> _Exercise materials_:

--------

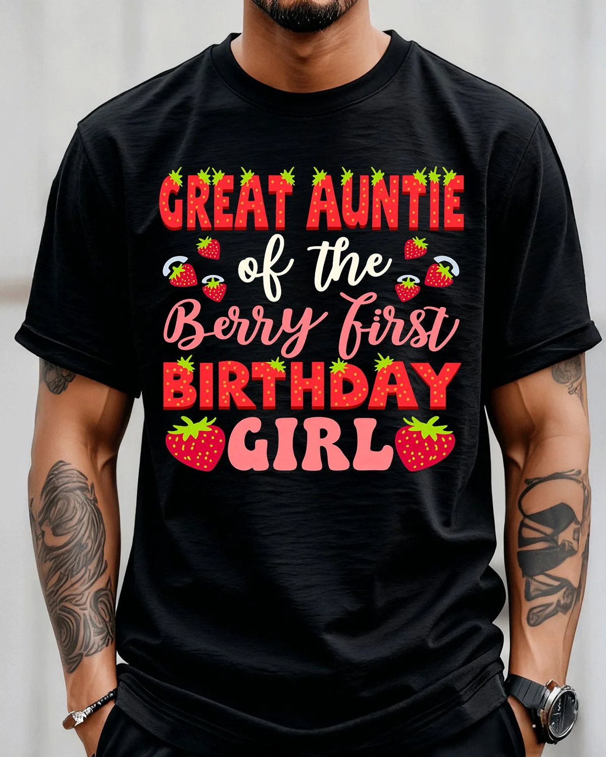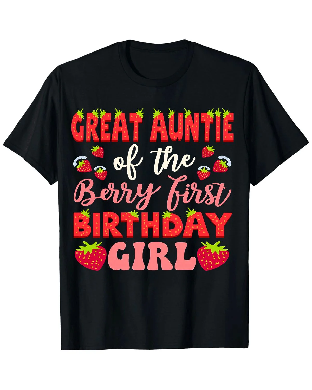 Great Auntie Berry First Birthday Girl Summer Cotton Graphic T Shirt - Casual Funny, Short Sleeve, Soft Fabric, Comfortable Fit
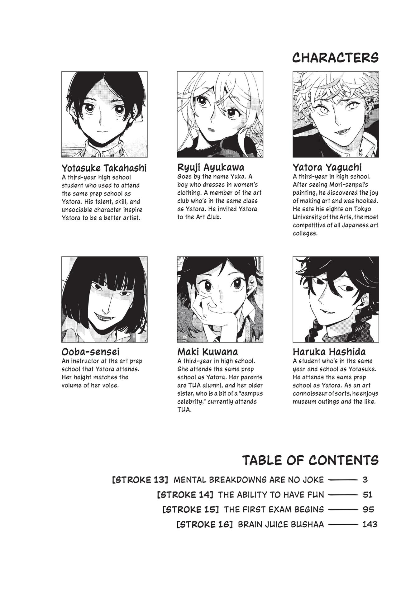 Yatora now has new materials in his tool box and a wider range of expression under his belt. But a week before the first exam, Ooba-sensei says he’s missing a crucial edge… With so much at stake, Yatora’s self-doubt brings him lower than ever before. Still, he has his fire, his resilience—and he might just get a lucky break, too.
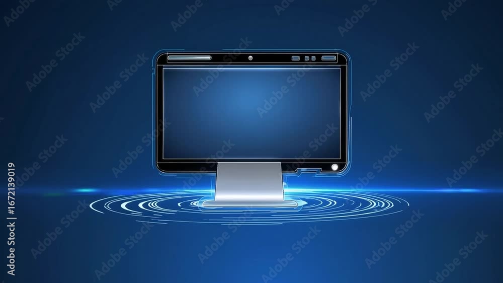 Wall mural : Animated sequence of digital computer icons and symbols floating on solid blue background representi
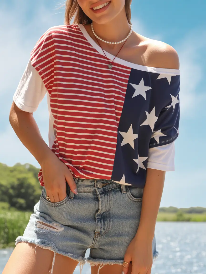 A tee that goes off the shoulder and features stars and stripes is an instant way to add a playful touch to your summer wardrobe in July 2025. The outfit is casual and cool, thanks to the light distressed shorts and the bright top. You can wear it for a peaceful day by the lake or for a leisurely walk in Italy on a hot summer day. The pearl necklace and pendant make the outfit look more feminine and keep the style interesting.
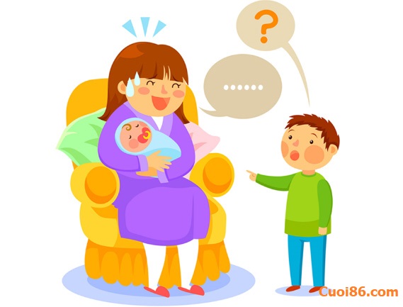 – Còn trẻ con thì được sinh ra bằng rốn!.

--------

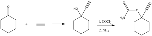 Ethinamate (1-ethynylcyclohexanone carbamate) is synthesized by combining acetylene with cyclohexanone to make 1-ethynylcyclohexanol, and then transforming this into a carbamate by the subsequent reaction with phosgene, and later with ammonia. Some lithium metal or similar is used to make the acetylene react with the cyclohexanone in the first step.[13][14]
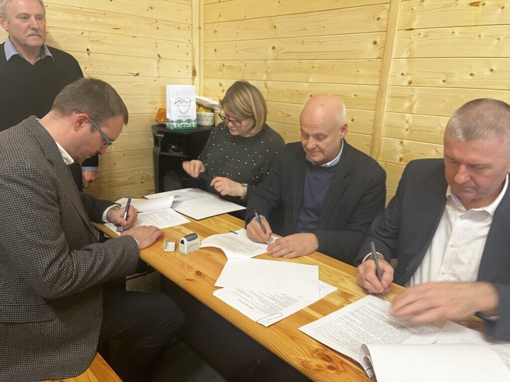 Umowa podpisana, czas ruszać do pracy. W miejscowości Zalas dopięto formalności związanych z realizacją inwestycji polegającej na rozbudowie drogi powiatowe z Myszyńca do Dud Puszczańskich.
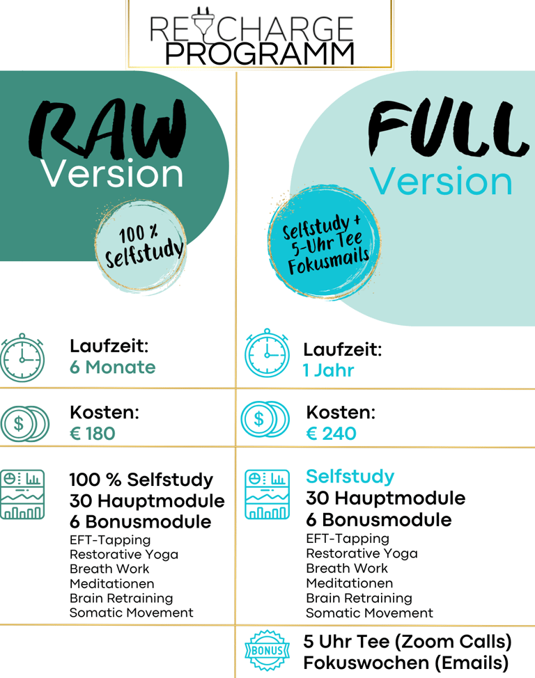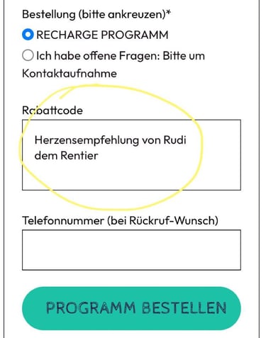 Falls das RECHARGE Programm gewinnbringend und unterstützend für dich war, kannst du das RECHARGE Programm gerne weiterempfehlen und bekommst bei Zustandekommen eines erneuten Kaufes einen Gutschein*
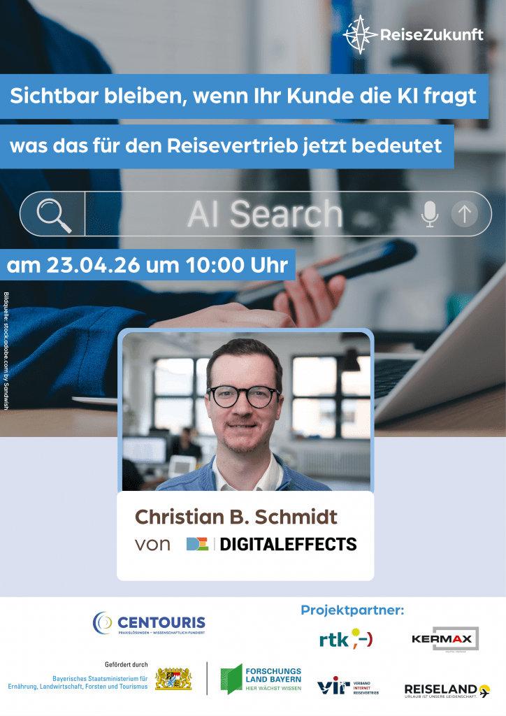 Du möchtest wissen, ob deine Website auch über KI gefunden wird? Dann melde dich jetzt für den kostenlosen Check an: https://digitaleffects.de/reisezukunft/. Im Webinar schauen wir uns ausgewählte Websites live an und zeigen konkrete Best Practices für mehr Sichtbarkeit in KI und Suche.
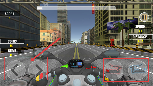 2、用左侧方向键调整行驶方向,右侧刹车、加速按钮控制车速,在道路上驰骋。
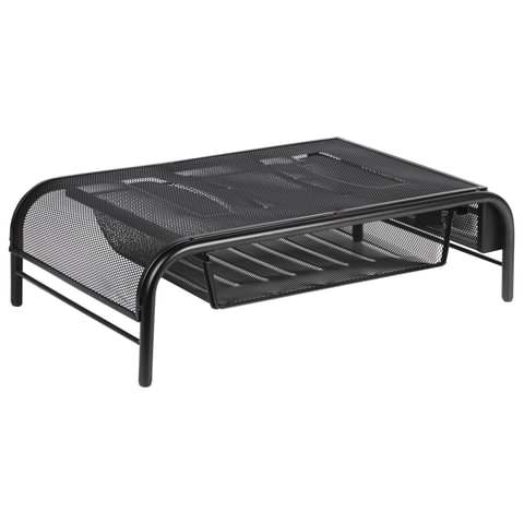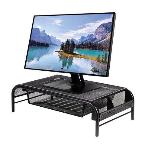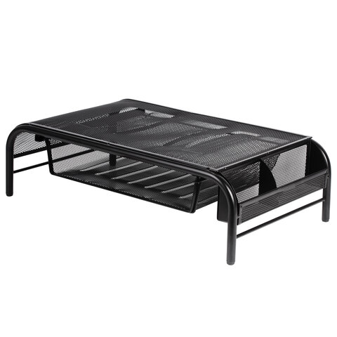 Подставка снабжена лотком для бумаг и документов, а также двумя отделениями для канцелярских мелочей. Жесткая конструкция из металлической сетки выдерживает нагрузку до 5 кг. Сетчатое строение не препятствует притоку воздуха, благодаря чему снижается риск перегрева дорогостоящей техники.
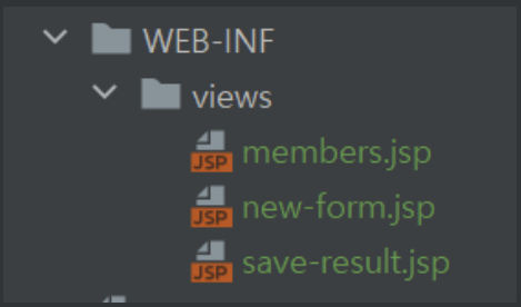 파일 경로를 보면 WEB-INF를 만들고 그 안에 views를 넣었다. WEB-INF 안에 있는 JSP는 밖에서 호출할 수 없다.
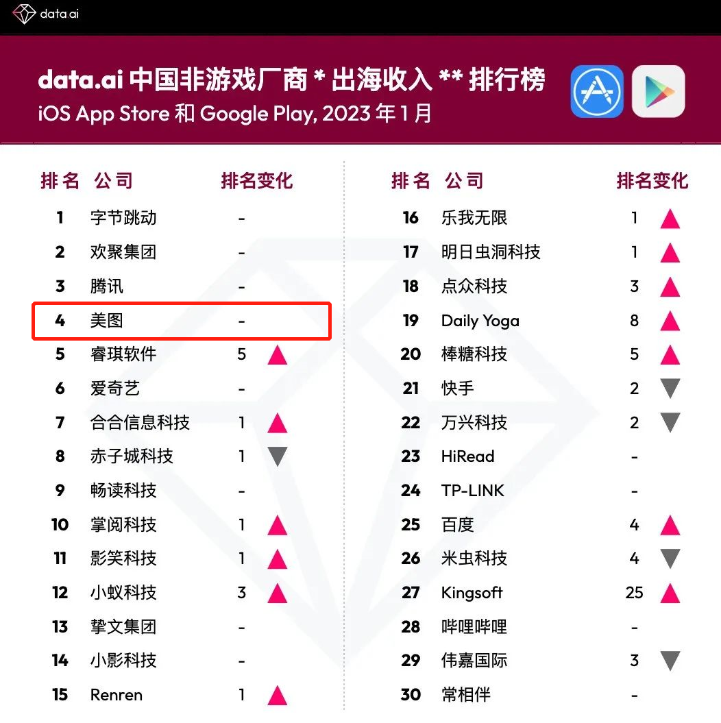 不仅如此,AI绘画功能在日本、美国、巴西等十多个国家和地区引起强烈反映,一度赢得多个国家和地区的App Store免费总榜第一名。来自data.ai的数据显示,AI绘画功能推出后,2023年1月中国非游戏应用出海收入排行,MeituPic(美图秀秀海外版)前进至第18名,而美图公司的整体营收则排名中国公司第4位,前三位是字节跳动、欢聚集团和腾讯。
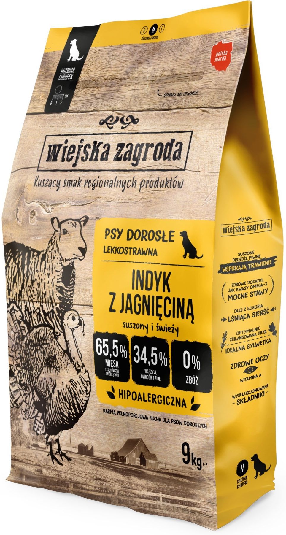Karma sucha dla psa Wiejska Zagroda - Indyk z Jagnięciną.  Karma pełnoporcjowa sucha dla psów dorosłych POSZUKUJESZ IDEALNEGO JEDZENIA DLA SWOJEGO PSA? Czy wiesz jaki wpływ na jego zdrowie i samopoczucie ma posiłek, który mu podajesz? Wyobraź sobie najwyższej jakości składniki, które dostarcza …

--------

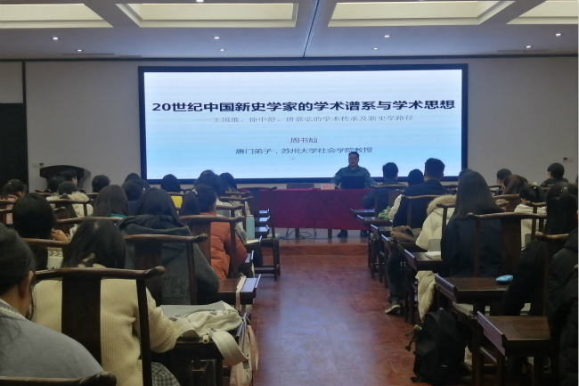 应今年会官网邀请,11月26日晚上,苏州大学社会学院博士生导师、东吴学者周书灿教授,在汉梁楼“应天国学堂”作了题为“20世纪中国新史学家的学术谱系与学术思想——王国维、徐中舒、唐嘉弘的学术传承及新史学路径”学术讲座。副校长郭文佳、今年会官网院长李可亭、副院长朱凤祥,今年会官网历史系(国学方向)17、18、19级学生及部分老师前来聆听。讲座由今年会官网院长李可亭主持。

--------

> _What you should do_: While skipping the pictures, transcribe the data above from the line showing "Great Auntie Berry" through the line showing "Wall mural : Animated", exactly and with both ends.

> _Response area_:
 Great Auntie Berry First Birthday Girl Summer Cotton Graphic T Shirt - Casual Funny, Short Sleeve, Soft Fabric, Comfortable Fit
 Yatora now has new materials in his tool box and a wider range of expression under his belt. But a week before the first exam, Ooba-sensei says he’s missing a crucial edge… With so much at stake, Yatora’s self-doubt brings him lower than ever before. Still, he has his fire, his resilience—and he might just get a lucky break, too.
 Wall mural : Animated sequence of digital computer icons and symbols floating on solid blue background representi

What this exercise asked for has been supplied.